### The input
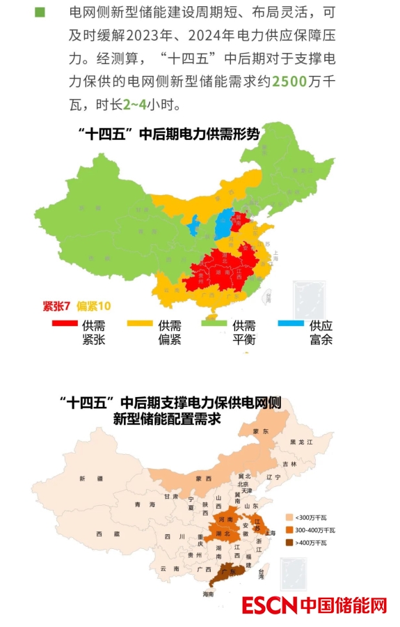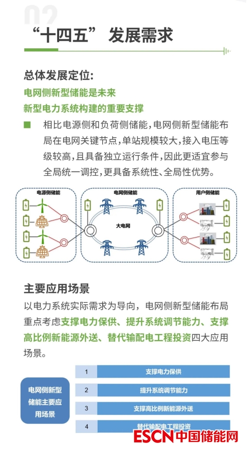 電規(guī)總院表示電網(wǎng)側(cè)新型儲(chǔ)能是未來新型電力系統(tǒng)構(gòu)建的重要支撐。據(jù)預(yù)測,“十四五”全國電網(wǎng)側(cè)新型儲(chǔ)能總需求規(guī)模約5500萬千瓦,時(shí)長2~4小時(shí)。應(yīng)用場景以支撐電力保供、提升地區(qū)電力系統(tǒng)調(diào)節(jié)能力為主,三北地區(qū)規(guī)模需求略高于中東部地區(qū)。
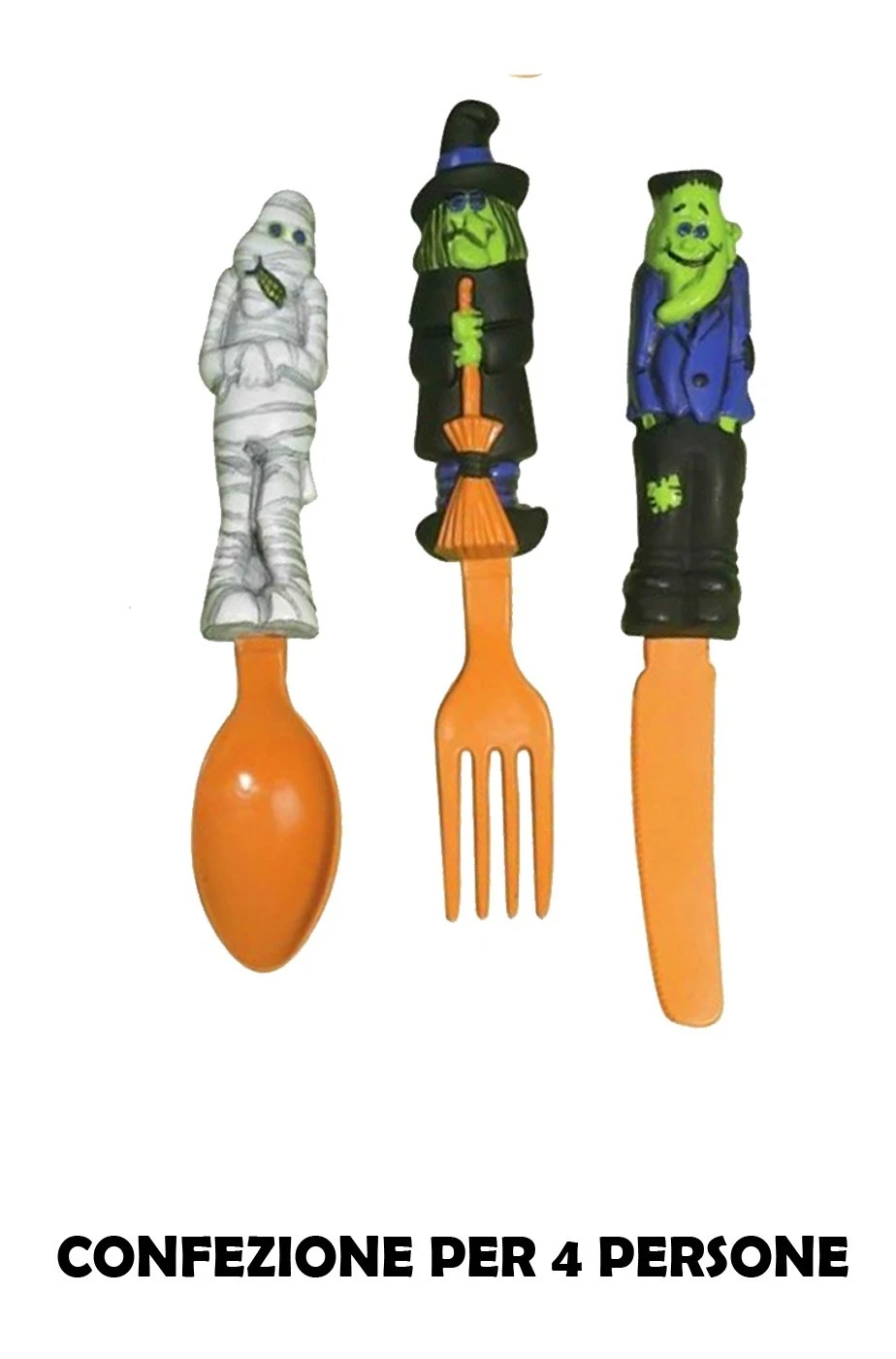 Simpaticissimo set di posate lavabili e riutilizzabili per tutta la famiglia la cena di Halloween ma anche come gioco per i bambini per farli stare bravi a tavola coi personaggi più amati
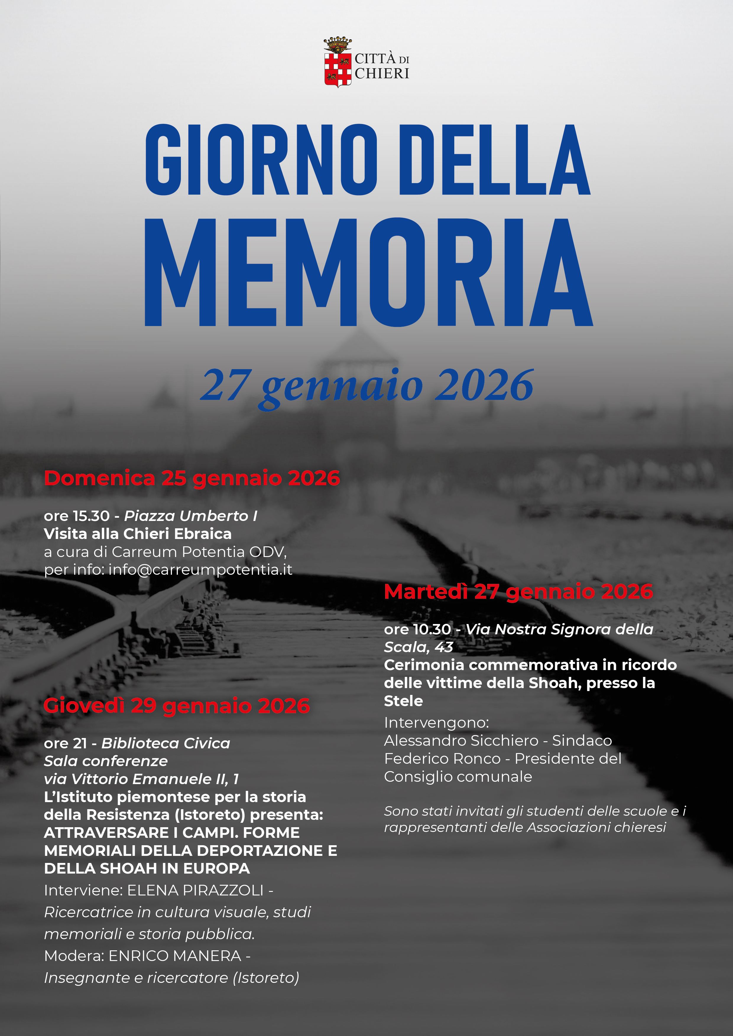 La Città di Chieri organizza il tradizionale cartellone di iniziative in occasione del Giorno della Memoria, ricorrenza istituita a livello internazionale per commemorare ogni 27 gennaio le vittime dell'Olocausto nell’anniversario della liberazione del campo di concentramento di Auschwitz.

---

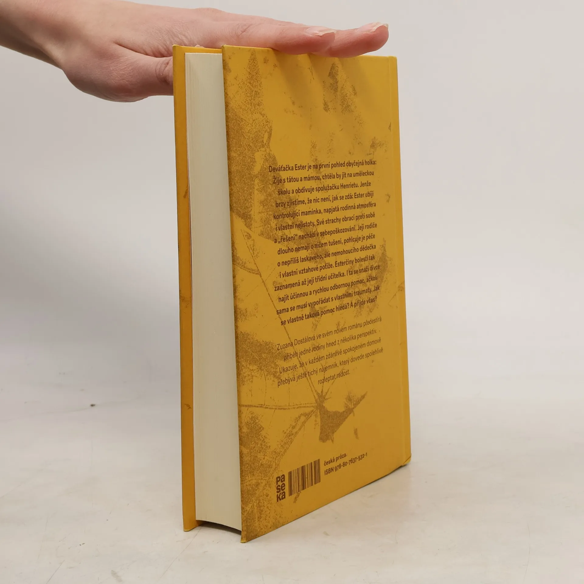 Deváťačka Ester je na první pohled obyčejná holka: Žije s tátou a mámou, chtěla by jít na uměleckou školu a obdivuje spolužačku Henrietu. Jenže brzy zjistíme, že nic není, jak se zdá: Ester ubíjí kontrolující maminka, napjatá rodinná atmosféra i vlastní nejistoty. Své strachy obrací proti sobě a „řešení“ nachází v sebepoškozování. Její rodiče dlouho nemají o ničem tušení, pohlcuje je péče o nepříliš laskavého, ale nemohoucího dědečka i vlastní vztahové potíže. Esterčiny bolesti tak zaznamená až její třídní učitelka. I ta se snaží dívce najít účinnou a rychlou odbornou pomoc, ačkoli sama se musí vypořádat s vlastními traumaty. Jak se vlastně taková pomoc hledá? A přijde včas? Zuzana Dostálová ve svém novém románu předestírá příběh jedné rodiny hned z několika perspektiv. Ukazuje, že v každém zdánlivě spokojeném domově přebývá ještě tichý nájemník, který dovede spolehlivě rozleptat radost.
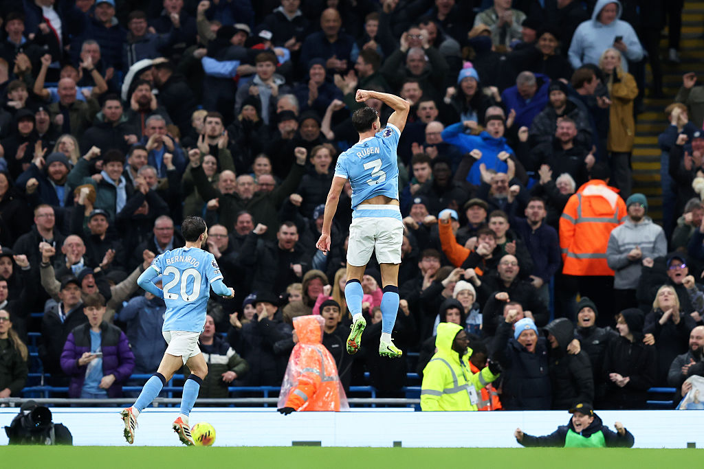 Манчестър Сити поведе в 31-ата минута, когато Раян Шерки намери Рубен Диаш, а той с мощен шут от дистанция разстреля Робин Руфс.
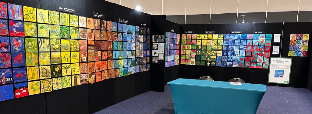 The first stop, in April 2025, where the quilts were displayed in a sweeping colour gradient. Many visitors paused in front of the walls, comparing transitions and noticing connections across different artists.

==

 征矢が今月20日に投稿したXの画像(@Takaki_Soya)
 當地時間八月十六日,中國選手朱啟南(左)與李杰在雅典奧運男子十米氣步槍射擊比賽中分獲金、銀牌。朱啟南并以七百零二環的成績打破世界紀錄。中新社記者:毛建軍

### What the task asks
In the data above, find the line that contains "征矢が今月20日に投稿したXの画像(@Takaki_Soya)" and the line that contains "當地時間八月十六日,中國選手". Repeat exactly those lines and every line between them, and only those.

### Reply
 征矢が今月20日に投稿したXの画像(@Takaki_Soya)
 當地時間八月十六日,中國選手朱啟南(左)與李杰在雅典奧運男子十米氣步槍射擊比賽中分獲金、銀牌。朱啟南并以七百零二環的成績打破世界紀錄。中新社記者:毛建軍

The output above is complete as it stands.